“Be brave. Be strong. Don’t give up. Expect God to get here soon.” (Psalm 31:24, The Message)
I have spent the majority of my life expecting good things to happen. Things that never came to pass. I’ve been waiting for years to see my eldest son get saved, and now I’m waiting for my little boy to show some kind of interest in God at all.
I’m constantly expecting the goodness of God, which seems to never arrive. I keep expecting God to make the wrongs in my life right, as He promises. I keep expecting justice in the areas where we have seen the bad guys win and we’ve lost everything. I keep expecting God to get us out of poverty. I keep expecting God to show me what my calling is, because every time I get close to what I think it may be, the doors are shut. I keep expecting my in-laws to do the right thing. I keep expecting my husband to be honest with me.
I’ve been brave. I’ve been strong. I haven’t given up. But I’m close.
I keep expecting God to get here soon. And He never shows up.
Every time I get a glimmer of hope, it’s snatched away. Every time I think something might change, it’s only just another disappointment.
I keep trying to find hope where there is none. I keep trying to build my faith and just “believe” God’s got this. I keep trying to trust God only to find that when I do I end up in worse places than I was before.
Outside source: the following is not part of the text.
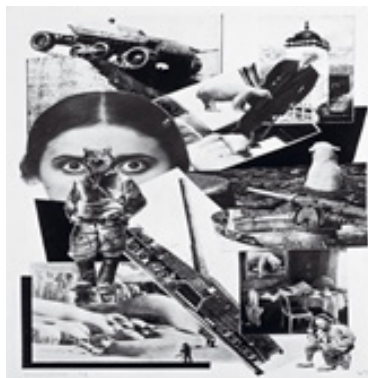
تصویر ۶. جورج گروز و جان هارتفیلد، زندگی و کار در شهر جهانی در ساعت ۱۲:۰۵ ظهر (۱۹۱۹) فوتومونتاژ. (Url 9)

داشته‌اند. آنها از شیوه تحلیل پدیدارشناسانه تکنولوژی که آیدی سال‌ها بعد مطرح کرد اطلاعی نداشتند اما قدرتمند شدن جسم را تجربه کردند. تجربه‌ای جذاب که جذابیت آن و تغییرات شگرفی که در نحوه تجربه به همراه دارد، به شکلی برجسته به چشم می‌آید. تجربه چیزها به نحوی جدید، آنچنان شیفتگی به بار می‌آورد که وجوه تقلیل‌گرای آن یا به بیان آیدی، جنبه‌های کاهشی آن کمتر مورد توجه قرار می‌گیرد یا حتی اصلاً به چشم نمی‌آیند. از منظر آیدی شیفتگی می‌تواند همراه با فراموشی باشد، که منظور از آن فراموشی خنثی نبودن بنیادی تکنولوژی است. این شیفتگی سبب می‌شود تا انسان فراموش کند که همواره در کنار هر تشدید و بزرگ‌نمایی که در تجربه انسان به واسطه تکنولوژی رخ می‌دهد، کاهش و تقلیل نیز حاضر است (Ihde, 1986: 110). در نسبت تجسد، بخشی از ادراک انسان قوی شده اما هم‌زمان بخش دیگری دچار ضعف می‌شود یعنی همان مفهوم ساختار افزایشی - کاهشی و یا نسبت تقلیلی - تفصیلی که آیدی مطرح می‌کند. در هنر نیز آنچه برجسته می‌شود ساختار افزایشی نسبت تجسد یا حوزه انکشافی جدید است که کاربر را جذب و شیفته خود می‌کند. اما ساختار کاهشی یا همان نسبت تقلیلی، بیشتر میل به پنهان شدن دارد. وجه افزایشی نسبت تجسد و البته دیگر نسبت‌ها آن‌چنان کشش دارد که انسان کمتر متوجه ضعف ادراکاتی می‌شود که در نسبت تجسد قوت نیافتند. اگر قرار است که این دسته از آثار بر پایه نسبت تجسد تحلیل شوند، باید هر دو وجه

Expecting God reminds me of how I used to wait for my father to come back home after he left us to start another family. It reminds me of how many times my mother used to leave me home alone when I was five and instead of comforting me, she’d get mad at me for being so scared. It reminds me of all the times my eldest son waited for his dad to come pick him up but he never did. It feels a lot like that. This waiting. This expectation.
And yet, here I am…still expecting God to get here soon. I’m either a fool, or I trust God more than I care to admit.